At 11:34 ET (15:34 GMT), the Dow Jones Industrial Average was down 80 points or 0.2%, while the S&P 500 was down 0.3% and the NASDAQ Composite was down 0.5%.
Both consumer and producer prices cooled, according to data released this week. Jobless claims were higher than expected. Consumer sentiment came in much weaker than expected.
The University of Michigan's consumer sentiment reading for May came in at 57.7, much lower than the 63 expected and down from 63.5 in April.
Futures traders expect that the Federal Reserve will pause interest rate increases when it meets next month, after more than a year of aggressive hikes that brought the benchmark rate from near zero to above 5%.
Tesla, Inc. (NASDAQ: TSLA) shares were down more than 1% after CEO Elon Musk said he had found a new CEO for the social media platform Twitter, which he bought in October.

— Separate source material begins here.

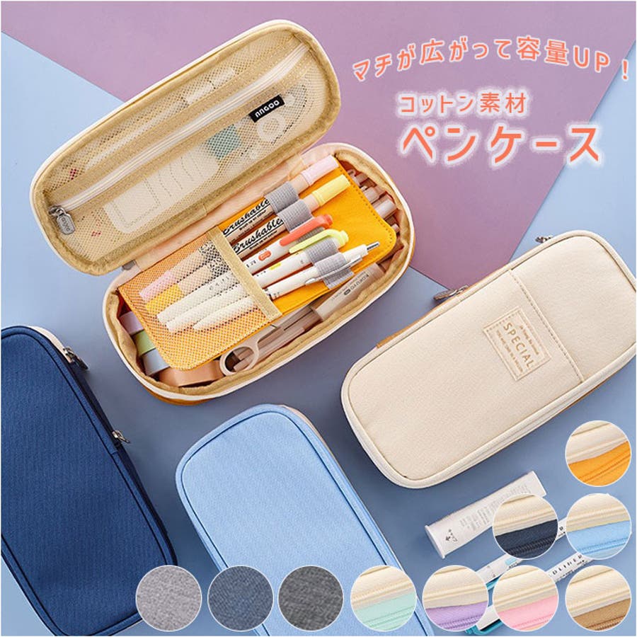 ・文房具が増えたら、マチが広がって容量UP!ふんわりコットン素材のペンケース♪
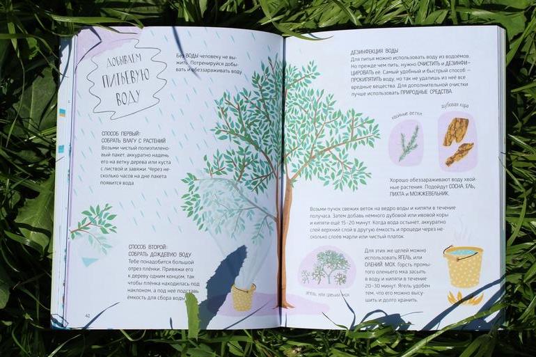 Воды нет, зато есть огромное количество инсайтов. Я до сих пор не умела разводить костер без спичек и оставлять знаки для ориентирования на местности. Зато солнечные часы в детстве очень любила делать. Правда, успела об этой затее благополучно забыть. Спасибо, что напомнили. Мастхэв для любой семьи, где родители не любят сидеть на месте и хотят показать детям интересный мир за пределами планшетов.

Investors of the electric vehicle company have worried that his ownership of Twitter would distract him from Tesla.
Regional bank stocks were trying to recover after dropping on Thursday. PacWest Bancorp (NASDAQ: PACW) was down 2% after disclosing that deposits dropped more than 9% last week.
Investors are also hoping for signs of progress in talks about raising the nation’s debt ceiling, as lawmakers fight over what terms to set as a condition of making a deal. Congress has to act to raise or suspend the limit by early June, or administration officials have warned the U.S. could run out of options to continue paying its obligations.